IF 4.3 3区 医学 Q1 RESPIRATORY SYSTEM Pub Date : 2025-03-24 eCollection Date: 2025-03-01 DOI: 10.1183/23120541.00806-2024
Jingchun Fan, Tiantian Feng, Xiaomei Jiang, Caihong Wei, Xuhui Zhang, Caiyun Li, Feiyan Yue, Hong Yang, Shisan Bao, Xuwen Chen

Background: Wearing masks imposes an additional respiratory burden on COPD patients. This study aimed to investigate the impact of various mask types on physiological parameters and subjective feelings in COPD patients.

Methods: This randomised, open-label, parallel-controlled trial randomly assigned 129 COPD patients from two Chinese hospitals to the N95 mask group, the surgical mask group and the no mask group, who were required to complete a 6-min rest (6MR) and a 6-min walking test (6MWT) while wearing their designated masks, and were assessed for blood pressure, oxygen saturation, pulse rate, Borg score, rating of perceived exertion (RPE) score, 6-min walk distance (6MWD) and subjective feeling score. Data were analysed using intention-to-treat analysis and per-protocol analysis.

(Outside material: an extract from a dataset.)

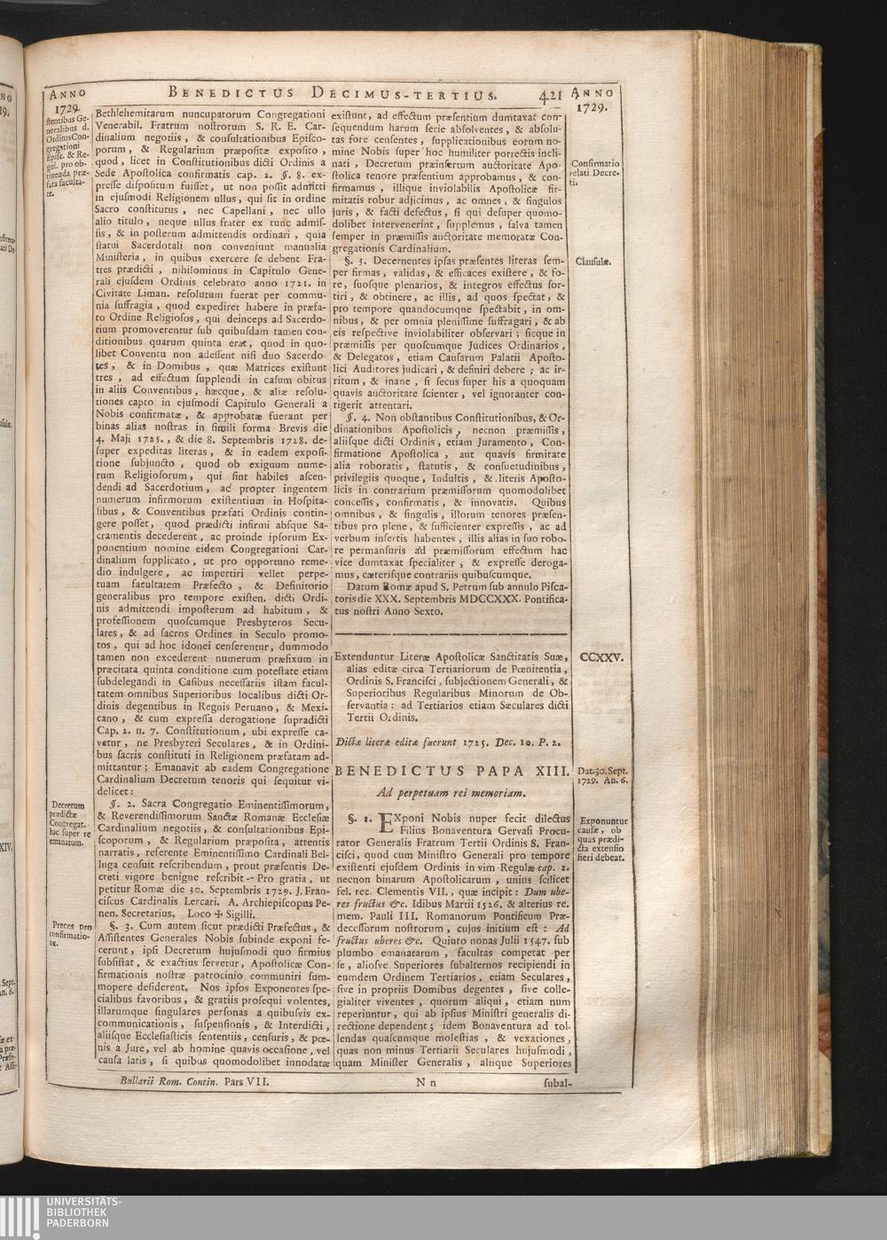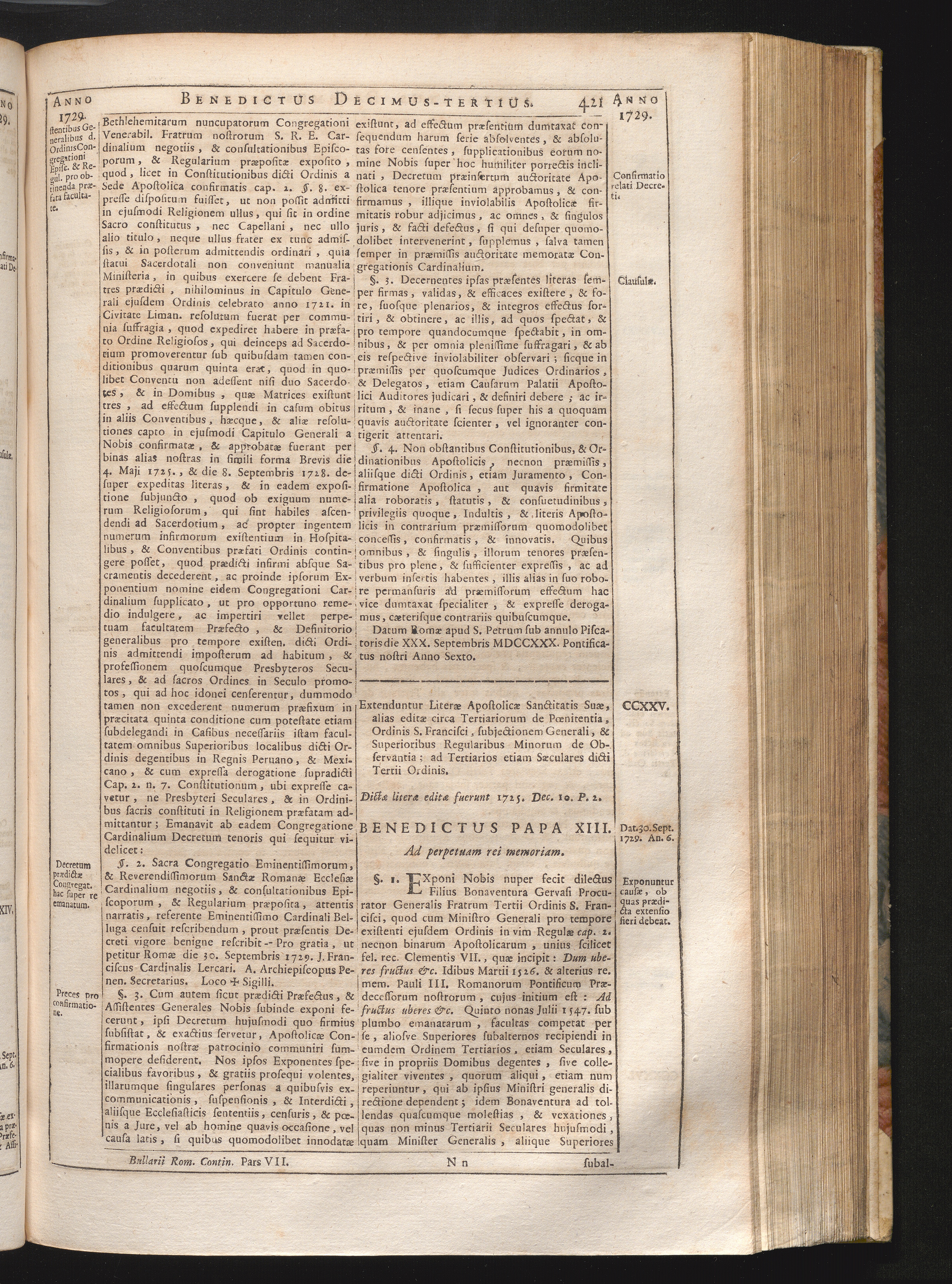 Tomus Decimus-Tertius = Continuationis Pars VII (1740) Complectens Constitutiones ab Innocentio XIII. & Benedicto XIII. editas
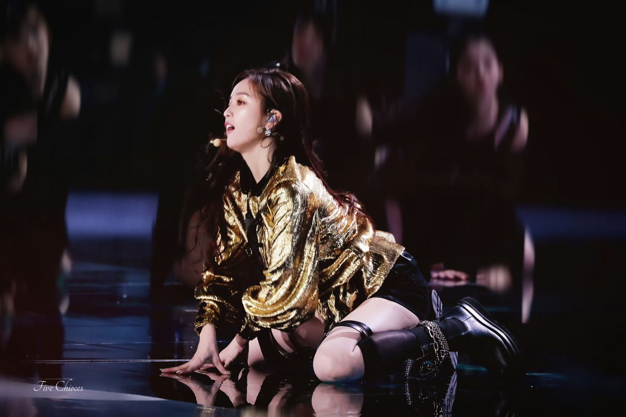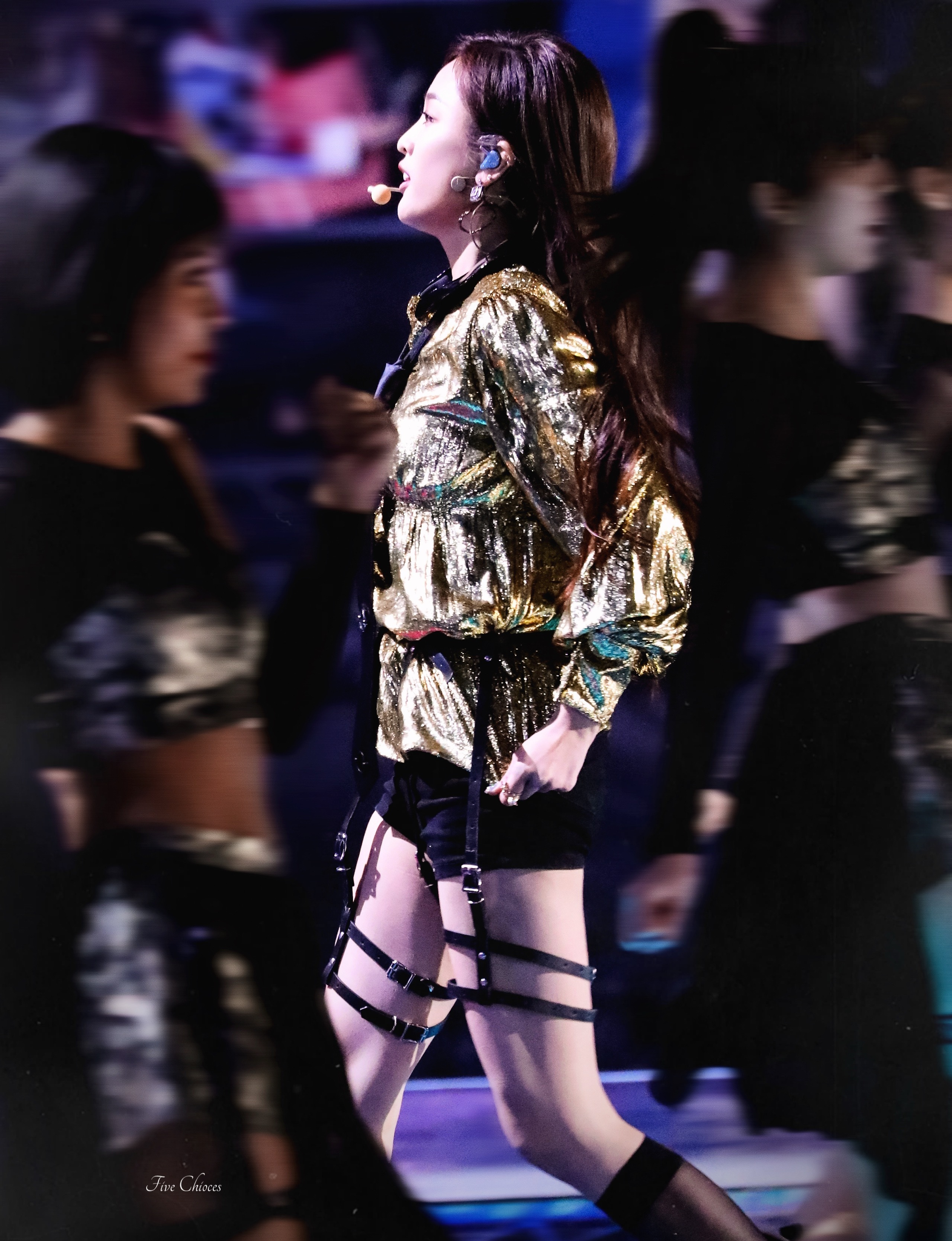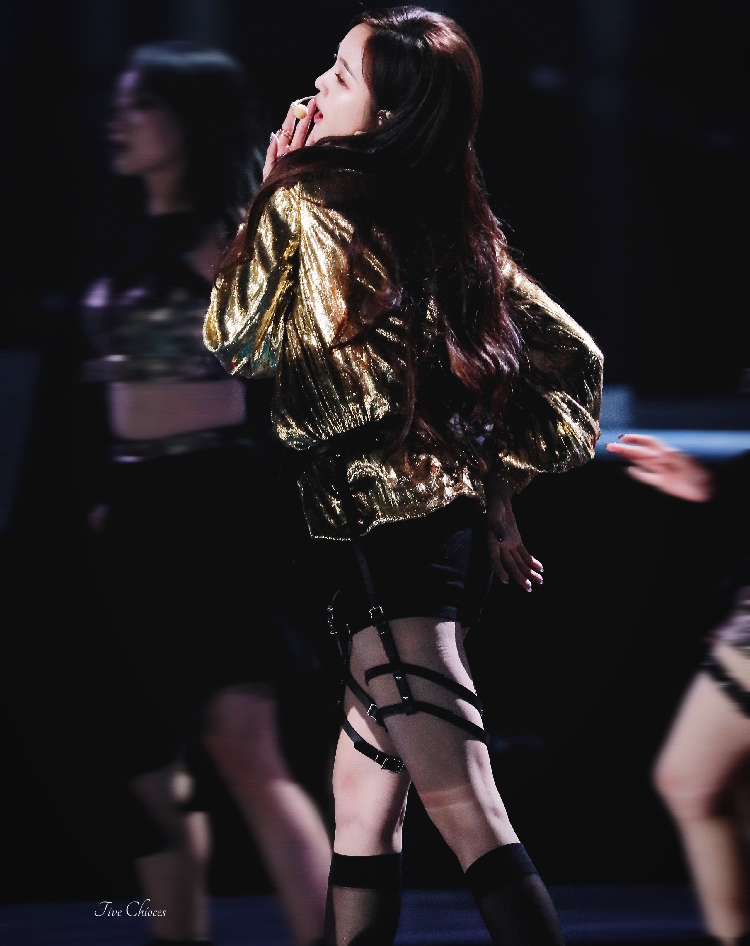 吴宣仪黑金绑带裙子。太带感了

Results: No significant differences were observed in blood pressure, oxygen saturation, pulse rate or the 6MWD among the three groups following a 6MR or 6MWT. Wearing N95 masks and surgical masks during the 6MWT significantly elevated perceived dyspnoea (p<0.001) and exertion scores (p<0.001) in COPD patients. The differences in the two scores between the highest and lowest groups were 2 and 4 points, respectively.

Conclusion: Wearing surgical masks or N95 masks for 6MR or 6MWT did not adversely affect physiological parameters in COPD patients. However, it significantly increased perceived dyspnoea and exertion.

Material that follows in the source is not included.